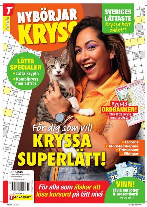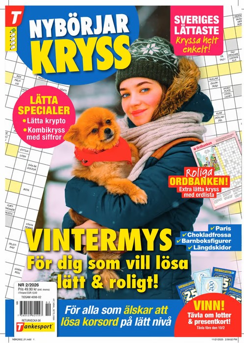 Nybörjarkryss on ruotsinkielinen ristikkolehti, joka on suunniteltu erityisesti aloittelijoille sekä kaikille, jotka haluavat nauttia rennosta, hieman helpommasta sanaristikosta. Lehti tarjoaa hauskaa, kevyttä ja rentouttavaa viihdettä ympäri vuoden – 12 kertaa vuodessa. Suuret ja selkeät ruudut, visuaalisesti houkutteleva taitto ja monipuoliset tehtävätyypit tekevät Nybörjarkryss-lehdestä täydellisen valinnan aivojumppaan, joka virkistää ja ilahduttaa.
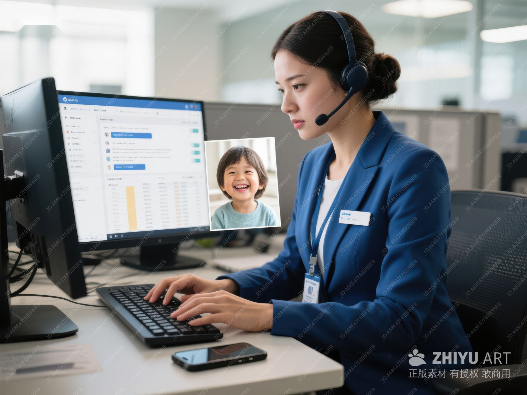 客服人员专注工作,屏幕显示儿童笑脸 229
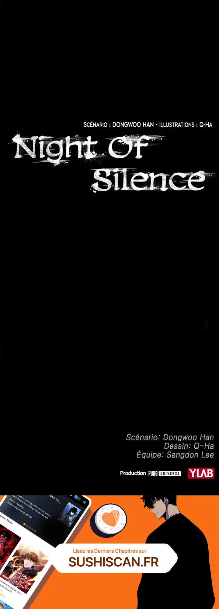 Lisez le dernier manga Night of Silence Chapitre 1 sur SushiScan. Le manga Night of Silence est toujours mis à jour sur SushiScan. N'oubliez pas de lire les autres mises à jour de manga. Une liste de collections de manga SushiScan se trouve dans le menu Liste de manga.
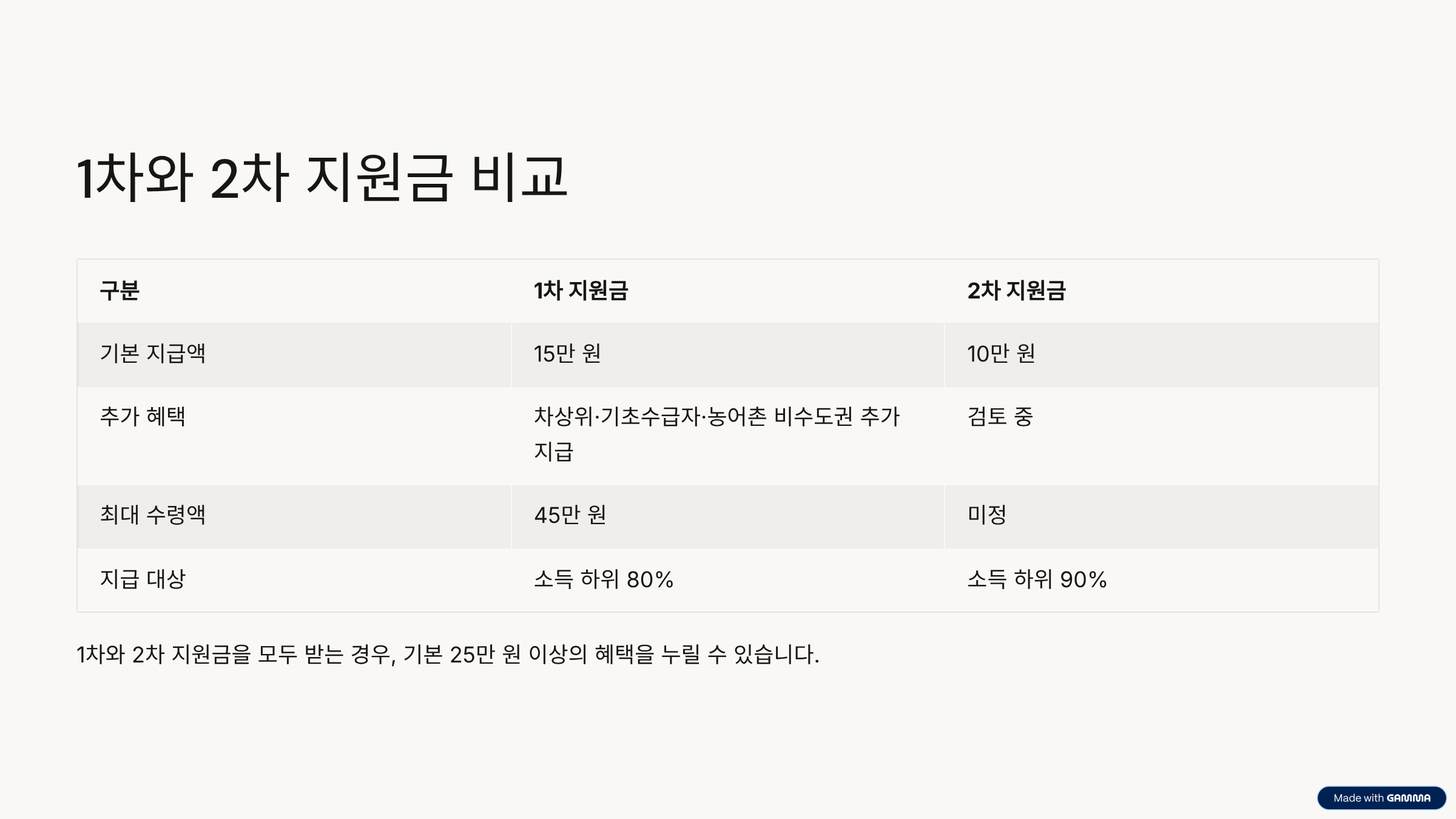 2차 지급에서 받는 10만 원을 더하면, 대상자는 총 25만 원 이상을 받을 수 있고, 지역과 소득 수준에 따라 그 이상 혜택을 누릴 수 있습니다.
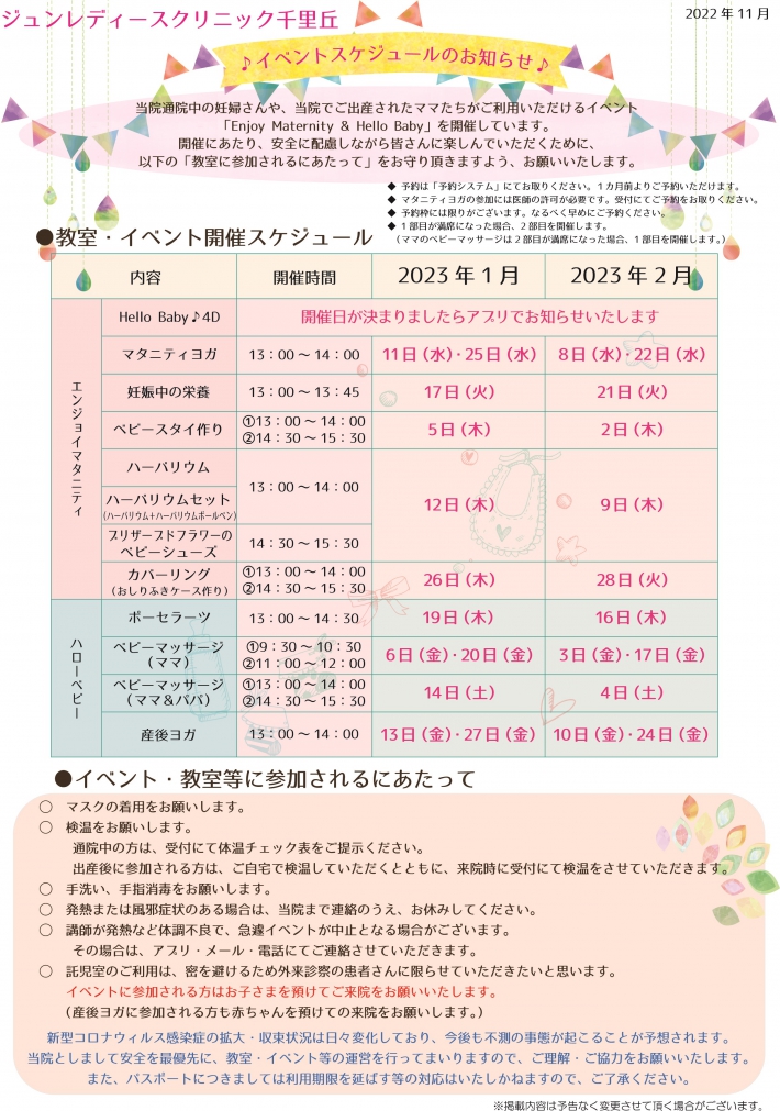 Enjoy Maternity & Hello Baby 2023年1~2月スケジュール
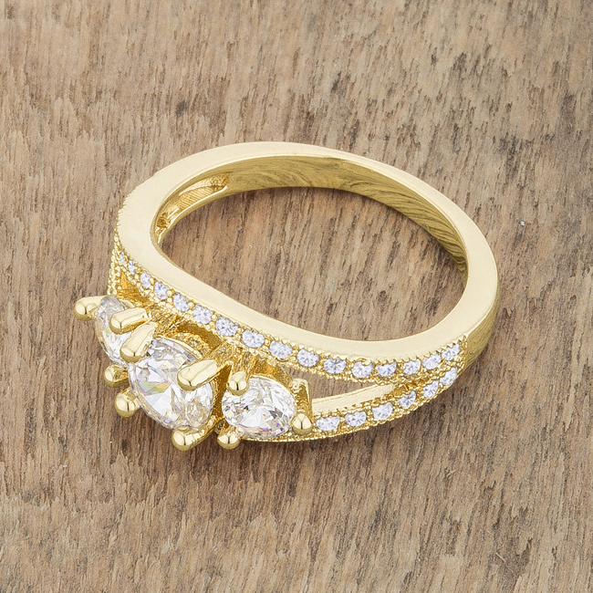 Clear stones accent the setting of a modern trio ring for a modernly classic look.
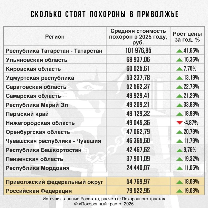 Самые дорогие похороны в округе — в Татарстане. Там средний чек достиг 101 976 рублей, показав резкий рост сразу на 41,65% за год. В числе регионов с высокими ценами также выделяются Ульяновская область (около 68,9 тыс. рублей) и Кировская область (60 тыс. рублей).
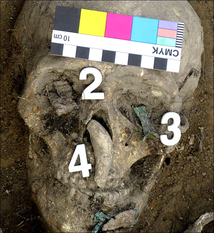 The death mask, with number 4 marking the bear's fang, and numbers 2 and 4 showing metal fish figurines with broken-off heads that were covering the warrior's eye sockets. Picture: Institute of Archeology and Ethnography, Siberian branch of Russian Academy of Sciences
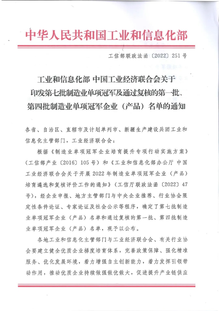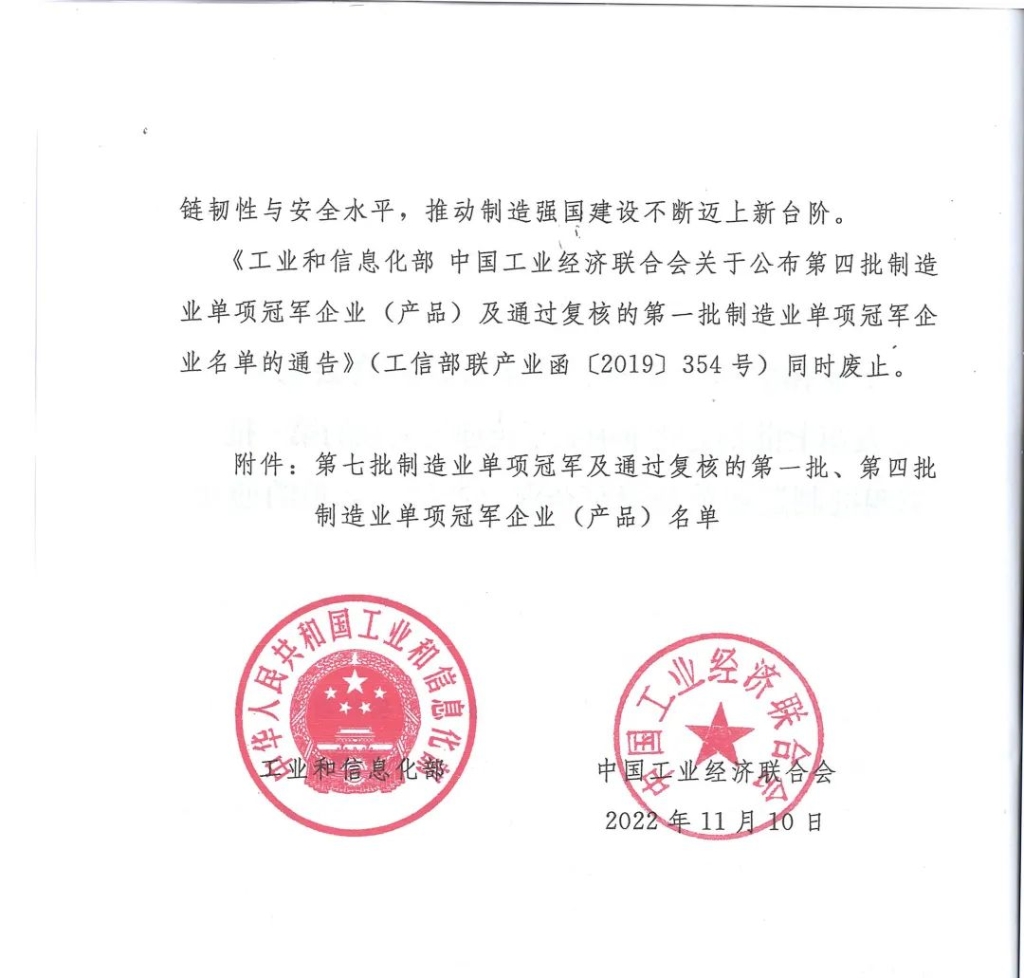 日前,工業(yè)和信息化部、中國工業(yè)經濟聯合會發(fā)布了《關于印發(fā)第七批制造業(yè)單項冠軍及通過復核的第一

==*==

# What the exercise asks
If an entry contains a picture, leave it out and repeat the rest exactly.

# Solution below
 Nybörjarkryss on ruotsinkielinen ristikkolehti, joka on suunniteltu erityisesti aloittelijoille sekä kaikille, jotka haluavat nauttia rennosta, hieman helpommasta sanaristikosta. Lehti tarjoaa hauskaa, kevyttä ja rentouttavaa viihdettä ympäri vuoden – 12 kertaa vuodessa. Suuret ja selkeät ruudut, visuaalisesti houkutteleva taitto ja monipuoliset tehtävätyypit tekevät Nybörjarkryss-lehdestä täydellisen valinnan aivojumppaan, joka virkistää ja ilahduttaa.
 客服人员专注工作,屏幕显示儿童笑脸 229
 Lisez le dernier manga Night of Silence Chapitre 1 sur SushiScan. Le manga Night of Silence est toujours mis à jour sur SushiScan. N'oubliez pas de lire les autres mises à jour de manga. Une liste de collections de manga SushiScan se trouve dans le menu Liste de manga.
 2차 지급에서 받는 10만 원을 더하면, 대상자는 총 25만 원 이상을 받을 수 있고, 지역과 소득 수준에 따라 그 이상 혜택을 누릴 수 있습니다.
 Enjoy Maternity & Hello Baby 2023年1~2月スケジュール
 Clear stones accent the setting of a modern trio ring for a modernly classic look.
 Самые дорогие похороны в округе — в Татарстане. Там средний чек достиг 101 976 рублей, показав резкий рост сразу на 41,65% за год. В числе регионов с высокими ценами также выделяются Ульяновская область (около 68,9 тыс. рублей) и Кировская область (60 тыс. рублей).
 The death mask, with number 4 marking the bear's fang, and numbers 2 and 4 showing metal fish figurines with broken-off heads that were covering the warrior's eye sockets. Picture: Institute of Archeology and Ethnography, Siberian branch of Russian Academy of Sciences
 日前,工業(yè)和信息化部、中國工業(yè)經濟聯合會發(fā)布了《關于印發(fā)第七批制造業(yè)單項冠軍及通過復核的第一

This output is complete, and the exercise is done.